Monday, December 10, 2007

A Budgetary Lie of Omission

From the Christian Science Monitor, David R. Francis writes:
The latest tussle concerns a fiscal 2008 appropriations bill for three departments: Education, Labor, and Health and Human Services. The difference between Congress and the White House on this is $21 billion, figures the Center on Budget and Policy Priorities (CBPP), a Washington think tank. That's about 5 percent of all domestic appropriations, 1.8 percent of all federal discretionary spending ($1.14 trillion, a sum that includes defense spending), and far less than 1 percent of the $2.9 trillion total budget...
That's a lot of numbers. Here's what's missing: the actual size of the bill itself. You can compare the dispute to a lot of things: GDP, tax revenues, or the market capitalization of Coca-Cola - but that still omits the single most relevant percentage in the debate: 15%.

According to the Center on Budget and Policy Priorities (cited by the author), the President proposed $140.9 billion in spending.

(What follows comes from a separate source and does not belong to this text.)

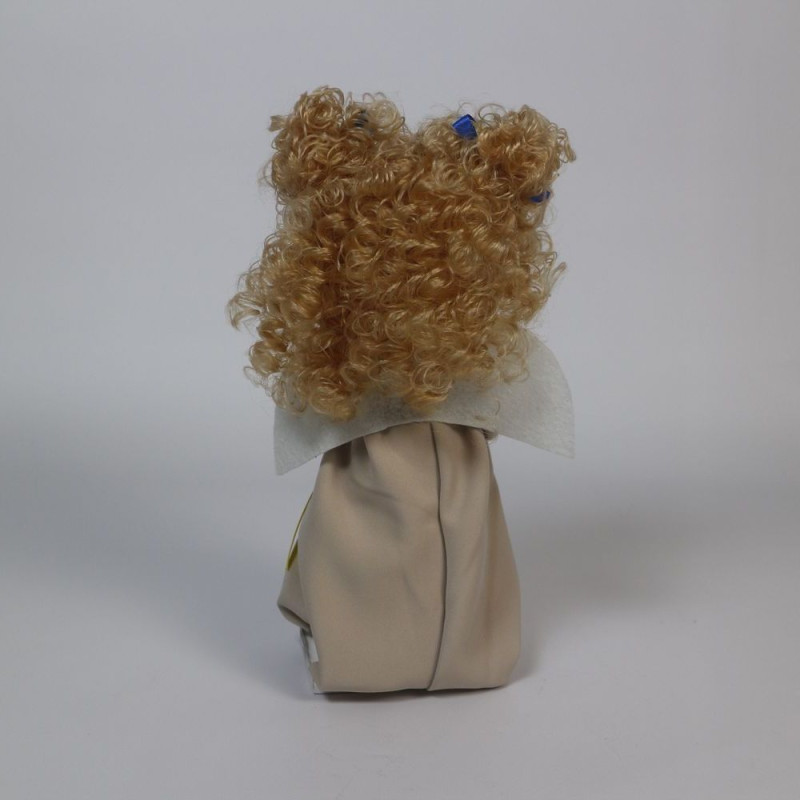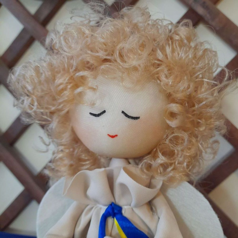 Кожна деталь – це тепло рук, що створили диво. Лялька виготовлена вручну зі змішаних матеріалів – переважно з тканини, що додає їй особливої м’якості та домашнього затишку. Завдяки зручному формату (висота 28 см) ангела можна розмістити будь-де: на підвіконні, тумбі, письмовому столі, біля ікони чи дзеркала, або навіть у дорозі — в салоні авто.
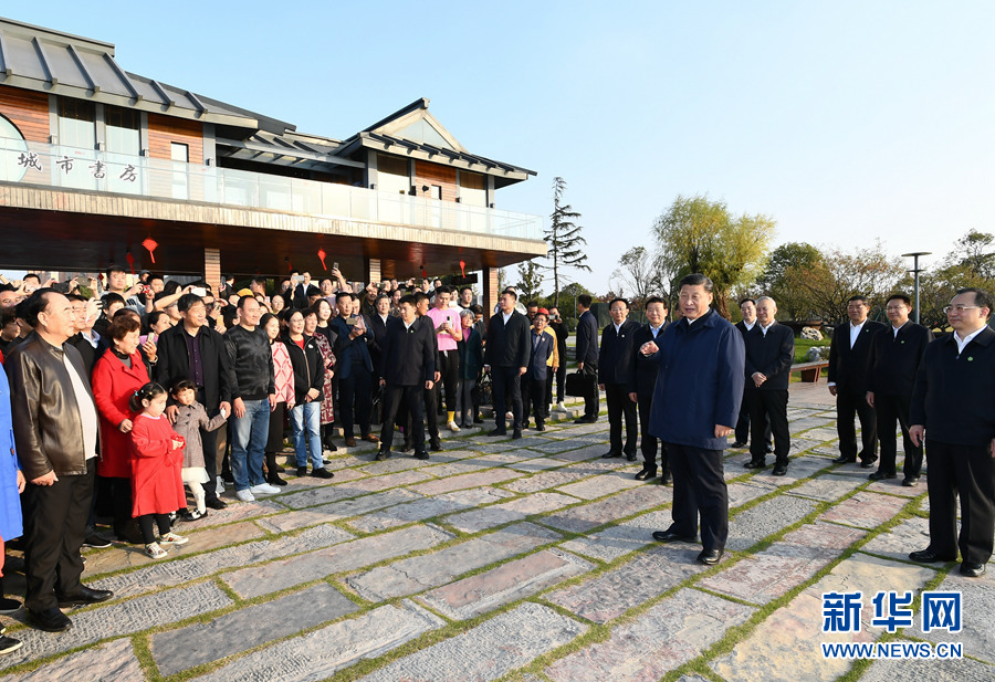 11月12日至13日,中共中央总书记、国家主席、中央军委主席习近平在江苏考察。这是13日下午,习近平在扬州市运河三湾生态文化公园考察时,同市民群众亲切交流。新华社记者 谢环驰 摄

The disputed $21 billion represents a 15 percent increase over that proposal - far beyond any measure of U.S. inflation. Especially with the federal government operating at a deficit, a 15 percent increase in any area should be cause for concern. Anywhere outside of government, it would be outrageous.

Oddly enough, at $146.19 billion today, Coca-Cola's market capitalization is roughly equivalent to the appropriations bill discussed above.